Speaker
Description
The teaching of nuclear physics has traditionally followed a rather rigid pedagogical perspective offering a chronological view of the evolution of the topic. Theoretical perspectives are emphasised such as the independent-particle shell model, moving on to collective models such as the rotational model. Comparison of model predictions with experimental data is frequently limited leaving the student unclear about the limitations of the different models.
We argue for an alternative pedagogical perspective on the subject, starting with the data and seeing how the patterns observed necessarily lead to concepts such as nuclear rotation. Indeed, rotational behaviour in nuclei seems to emerge as the one paradigm strongly supported by data while evidence appears scarce, for example, in the case of true independent-particle motion behaviour. Moreover, the data points to emerging complexity in nuclear structure even in systems we might expect to be simple such as doubly-magic nuclei. Indeed, shape coexistence appears to be a ubiquitous perspective although historically this has been confused with different naming conventions in different mass regions such as “islands of inversion” and “fission isomers”.

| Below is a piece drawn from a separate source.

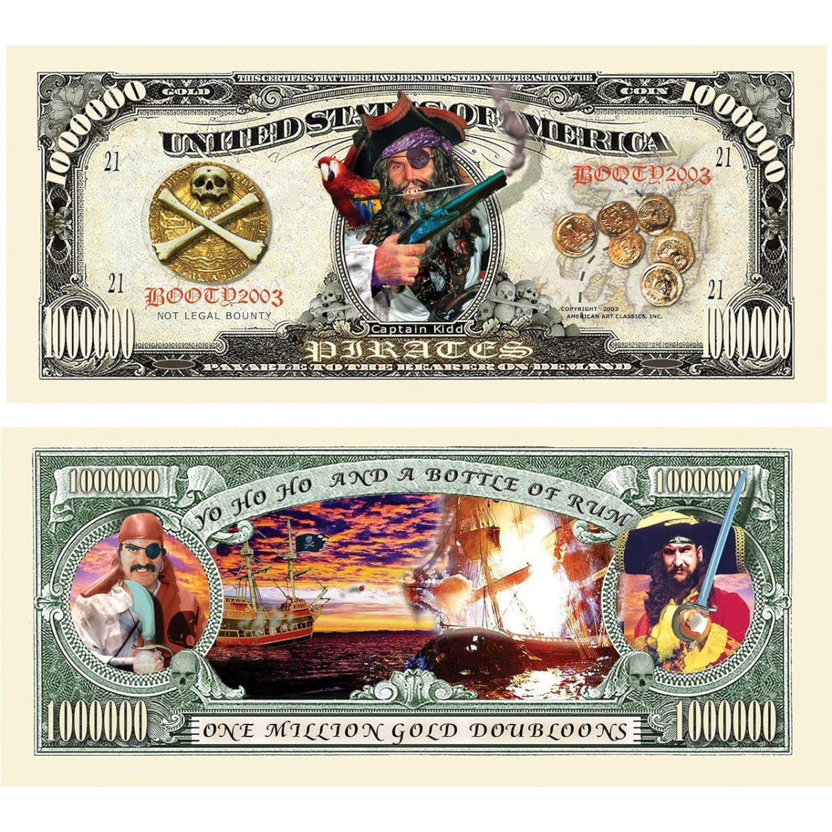Сувенірна кольорова банкнота 1 мільйон дублонів 2003 Капітан Кідд

A new approach to nuclear physics teaching starting with data has been outlined in a trilogy of electronic textbooks written by the presenter and John Wood. The first book, Nuclear Data: A Primer, provides an introduction to nuclear structure with the two later volumes, Nuclear Data: A Collective Motion View and Nuclear Data: An Independent-Particle Motion View focussing on more specific topics in nuclear structure. Through video-based tutorials and exercises, these books encourage the reader’s independent explorations making use of the contents of databases such as ENSDF. Indeed, the time is ripe to apply recently developed data science techniques to this data and discover further hidden trends. This presentation will highlight some of the key approaches found in this text book series.